Leurs conversations avaient lieu à la dérobée, dans le corridor, sur le balcon, dans la cour, et parfois chez la vieille femme de chambre des tantes, Matréna Pavlovna, dans l’appartement de laquelle logeait Katucha et où Nekhludov venait quelquefois prendre le thé à prikouskou[1]. Et ces conversations en présence de Matrena Pavlovna étaient les plus agréables. Quand ils demeuraient seuls, leurs entretiens en souffraient. Aussitôt leurs yeux se mettaient à dire d’autres choses, beaucoup plus importantes, que celles que prononçaient leurs lèvres ; alors leurs bouches se taisaient, ils se sentaient gênés, et se quittaient aussitôt.

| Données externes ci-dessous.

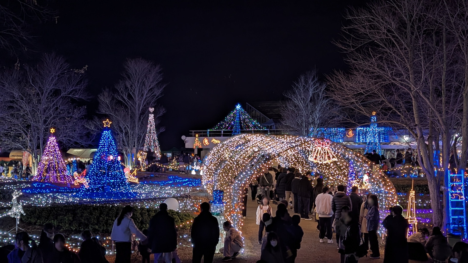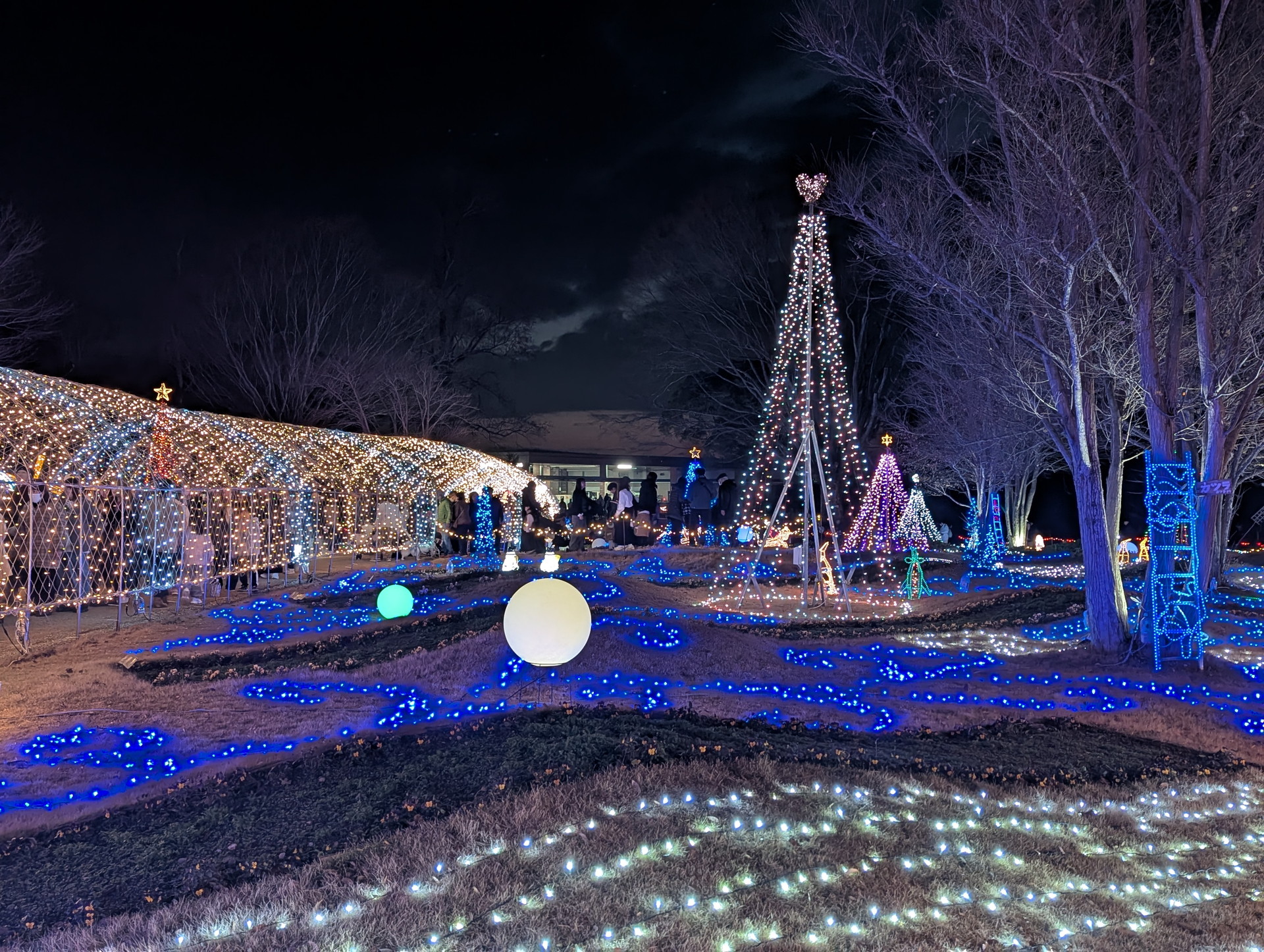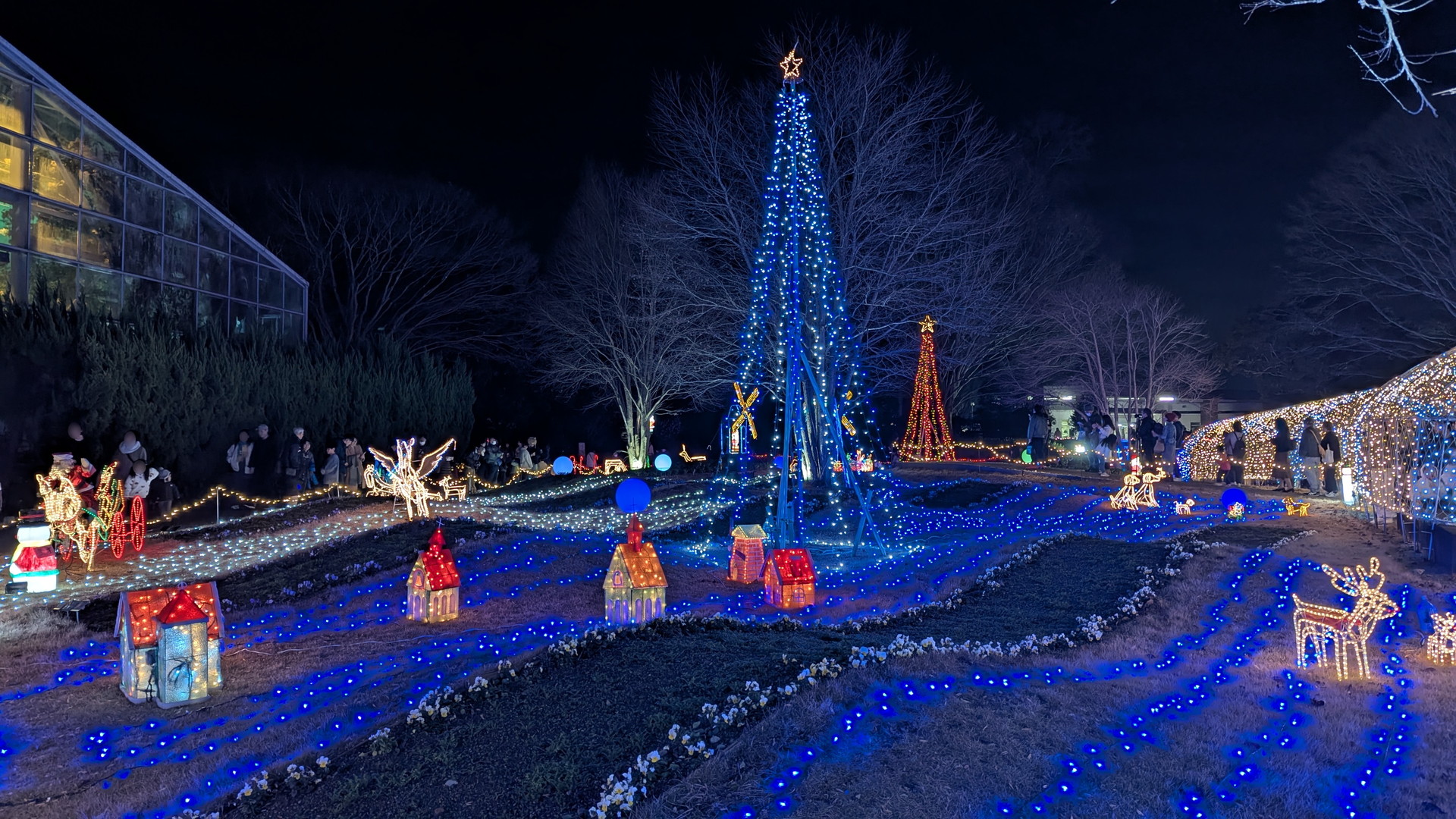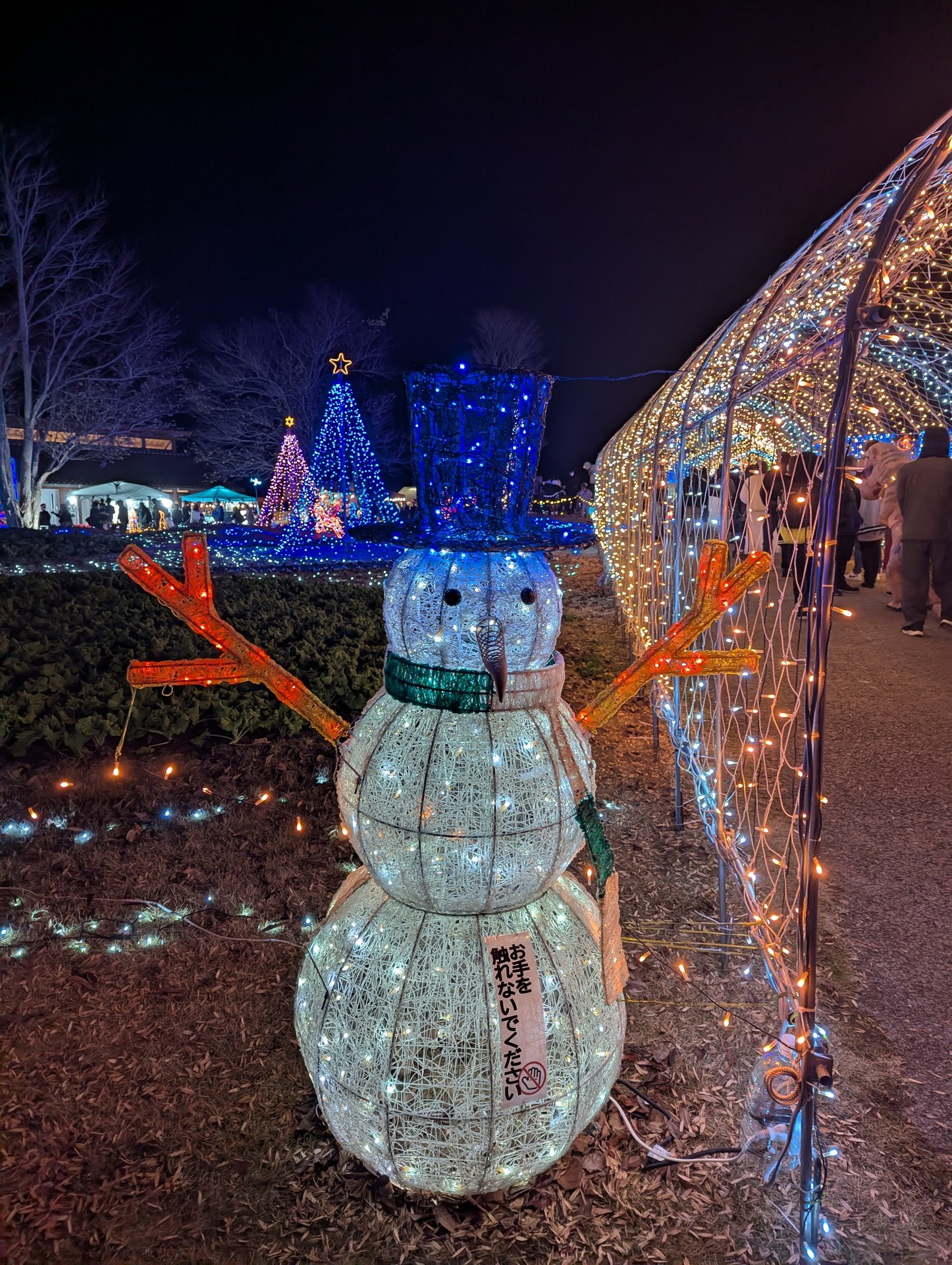 (トンネル内の右側に行列ができてますが、大温室を見る人の行列になります。ライトアップスタート時は行列はできていなかったので、早めに見に行っておいてよかったです)

Tout le temps de son premier séjour chez ses tantes, les relations demeurèrent telles entre Nekhludov et Katucha. Ses tantes s’en aperçurent ; elles s’en inquiétèrent et même en informèrent à l’étranger, par lettre, la princesse Hélène Ivanovna, mère de Nekhludov. La tante Maria Ivanovna redoutait une liaison entre Dmitri et Katucha. Crainte vaine : Nekhludov, sans s’en douter, aimait

  1. En mordillant le sucre au lieu de le faire dissoudre dans le thé.